'''

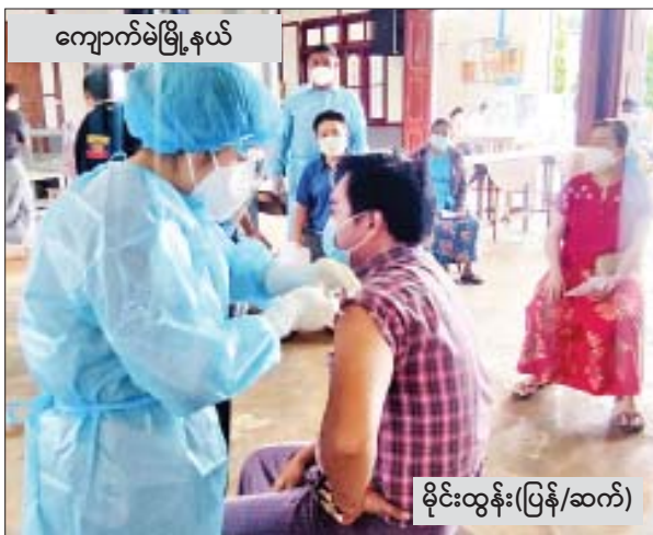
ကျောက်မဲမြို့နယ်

'''
'''

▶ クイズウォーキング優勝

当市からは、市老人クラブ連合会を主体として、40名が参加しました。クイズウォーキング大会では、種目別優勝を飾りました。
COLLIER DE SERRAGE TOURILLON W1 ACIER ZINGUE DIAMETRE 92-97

'''

Task details —
In the entries above, please find the line with "当市からは、市老人クラブ連合" and the line with "COLLIER DE SERRAGE", then write out exactly those two lines and every line between them, and nothing more.

Completed exercise —
当市からは、市老人クラブ連合会を主体として、40名が参加しました。クイズウォーキング大会では、種目別優勝を飾りました。
COLLIER DE SERRAGE TOURILLON W1 ACIER ZINGUE DIAMETRE 92-97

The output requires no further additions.